Elle voyait la lanière tissée et la boucle de métal reposant à côté du siège de Lucien. Une ceinture qui, à l’évidence, n’avait pas été fermée. Mais elle se voyait aussi, mentalement, en train de verrouiller ce système après avoir installé l’enfant dans son fauteuil. Ce n’était pas une nouveauté. Au fil des jours, sa conviction avait gagné en force, en netteté, malgré les preuves du contraire : elle était certaine d’avoir fermé cette ceinture. Maintenant, face à l’habitacle, il n’y avait plus aucun doute.
Comment ces deux vérités pouvaient-elles cohabiter ? Elle planta la torche électrique entre ses dents et pénétra dans la voiture. Elle observa avec attention le système d’arrimage. Elle songeait maintenant à un sabotage : une lanière cisaillée, un rivet scié… Mais non : tout était intact. Elle se glissa le long du siège arrière. Sur la banquette s’entassaient des cartons contenant des études photocopiées, des boîtes de plastique abritant des clips de marquage, un duvet kaki déployé jusqu’au sol. Tous ces objets s’étaient écrasés contre le dossier au moment de la collision. Elle les observa, les souleva, les écarta. Elle ne trouva rien.
Elle continua à fouiller. Un genou sur le rembourrage, elle passa son torse au-dessus du dossier en direction du coffre. La puissance de la collision avait arraché le hayon arrière. Diane se souvenait d’avoir reçu ce panneau de composite sur la nuque. Penchée au-dessus de l’espace, elle promena son pinceau de lumière : des cartons encore, un vieux sac de toile, des chaussures de marche, une parka imbibée d’essence. Rien d’étrange, ni de suspect.
Pourtant, lentement, une pensée se formait dans sa conscience. Une hypothèse impossible, mais qu’elle ne parvenait pas à écarter. Elle éteignit sa lampe et s’adossa au dossier avant. Pour vérifier cette supposition, il fallait interroger l’unique témoin de la scène.
Elle-même.
Elle devait raviver ses propres souvenirs afin de décider si, oui ou non, elle perdait la raison ou si cette affaire dépassait les limites du possible.

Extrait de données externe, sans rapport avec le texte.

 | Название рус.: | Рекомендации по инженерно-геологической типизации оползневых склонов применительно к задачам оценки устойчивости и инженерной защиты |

Or il n’existait qu’une seule technique pour entreprendre une telle plongée en elle-même.
Et un seul homme pour l’aider.
22
Après un vestibule de marbre, le restaurant ouvrait sur une grande salle décorée de colonnes blanches, tendue de velours sombre. Quelques tables se nichaient dans des alcôves en arc de cercle. La laque d’un piano brillait dans la pénombre, des tableaux crépusculaires lançaient leurs reflets mordorés et, à travers les longues baies vitrées, les jardins des Champs-Elysées répondaient au luxe du lieu par un contrepoint délicat de feuillages et de façades claires. Aujourd’hui, le ciel d’orage diffusait une lumière lisse, nacrée, qui s’harmonisait à merveille avec la douceur de la salle, traversée d’éclats atténués. A cette parcimonie de tons et de lumières s’ajoutait une qualité de silence spécifique : un murmure ponctué de tintements de cristal, de cliquetis d’argent, de rires compassés.

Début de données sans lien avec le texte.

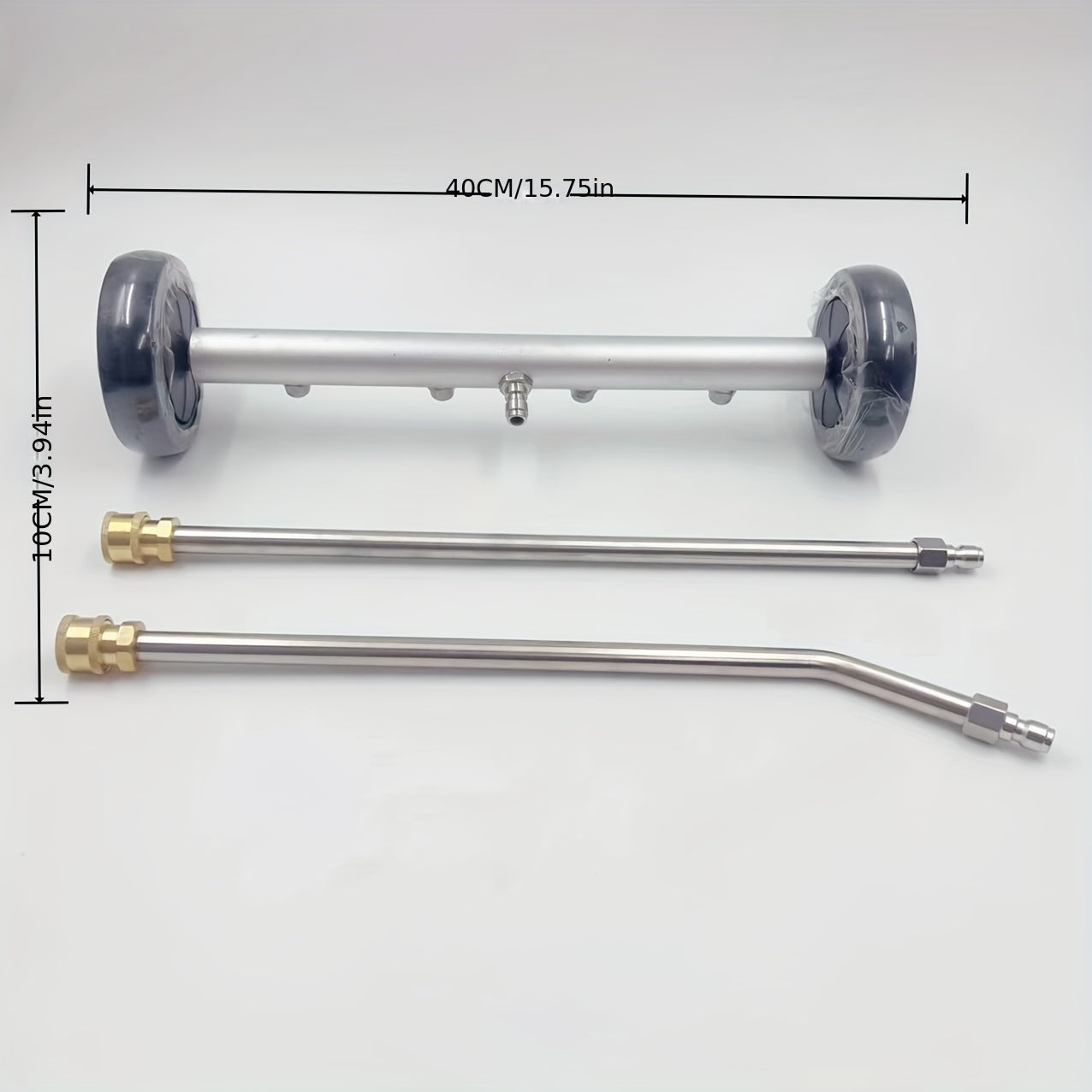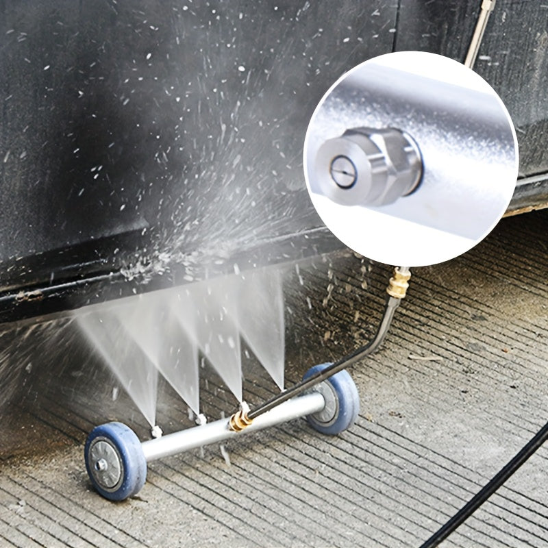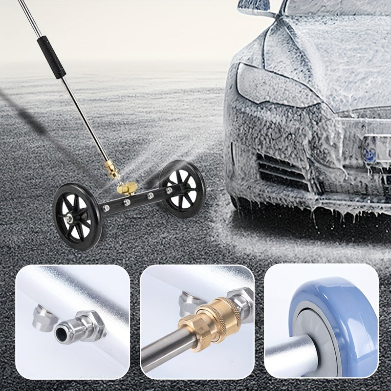 Ko'p funksiyali pastki qismni tozalovchi, 4 ta nozzle, shassi tozalash cho'tkasi va ochiq havoda avtomobil polini tozalash vositasi bilan birga keladi. Qo'lda ishlaydi, elektr yoki batareyalar talab qilinmaydi.
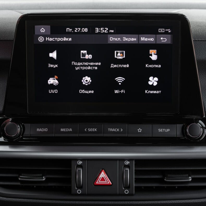 Приборная панель Cerato выглядит изящно и премиально благодаря дизайну, в котором нет ничего лишнего. Элегантность решений, продуманный алгоритм информирования водителя на приборной панели и дисплее мультимедийной системы. Металлические акценты в отделке придают спортивный и при этом утонченный вид, а плавные линии дополняют единый дизайн вентиляционных отверстий в форме турбин.
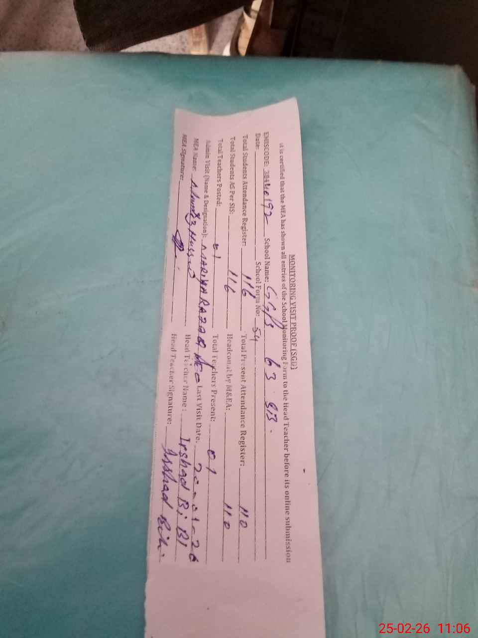 | Attendance Register | Head Teacher | MEA with School | Visit Proof |
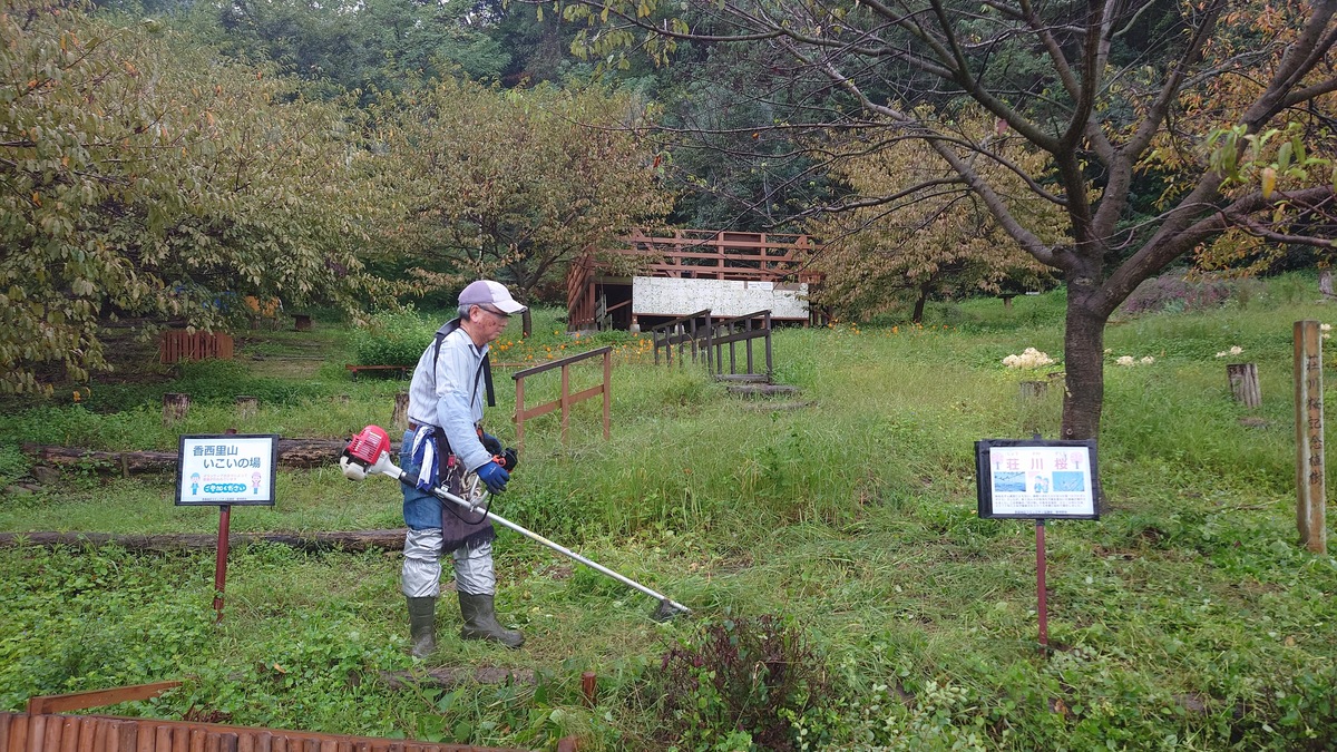 2025/10/05日環境部会が香西里山いこいの場整備を実施しました。 夜中から降り続いた雨も作業開始前に上がり、環境衛生組合協議会から5名、ボランティアさんが4名の参加を頂きました。 先月の整備で草刈りをした里山はたった1か月で全体に雑草が生い茂っていました。 18日に歩こうふるさとの道の勝賀山登山コースの参加者が立ち寄る事も有り、参加者全員で草刈り作業を行いました。草刈り機3台で全体の刈りこみ、残り6名が花壇の中の雑草処理や、遊歩道上の雑草の片付け等を手分けして行ったおかげで見違えるようになりました、参加者の皆さんお疲れさまでした、ありがとうございました。 取材 記事 環境衛生組合協議会 |
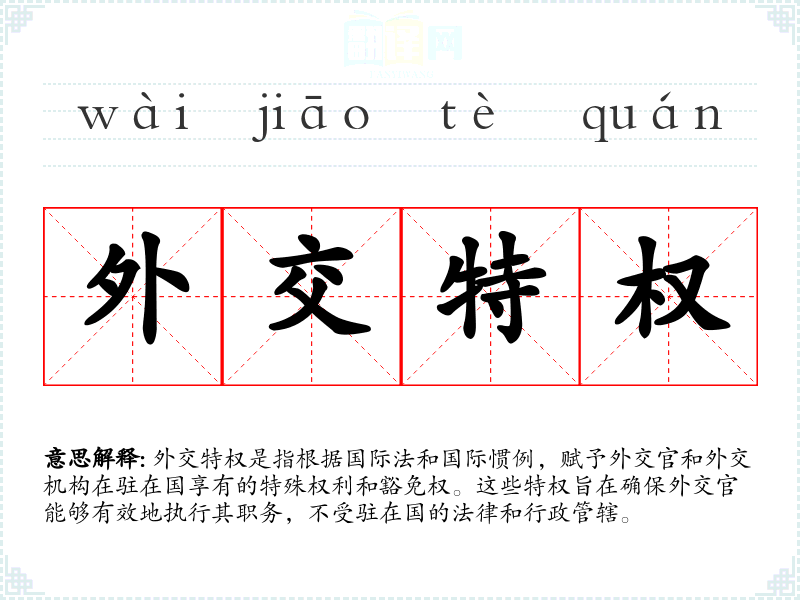 同义词:外交豁免权、外交优惠、外交待遇 反义词:无特权、普通待遇、无豁免

Diane suivit le maître d’hôtel. Elle sentit quelques brefs regards sur son passage. La plupart des convives étaient des hommes, arborant des costumes foncés et des sourires ternes. Elle n’était pas dupe : derrière cette douce atmosphère et ces visages paisibles battait le cœur secret du pouvoir. Ce restaurant était l’un des lieux de prestige où se jouait, chaque midi, le destin politique et économique du pays.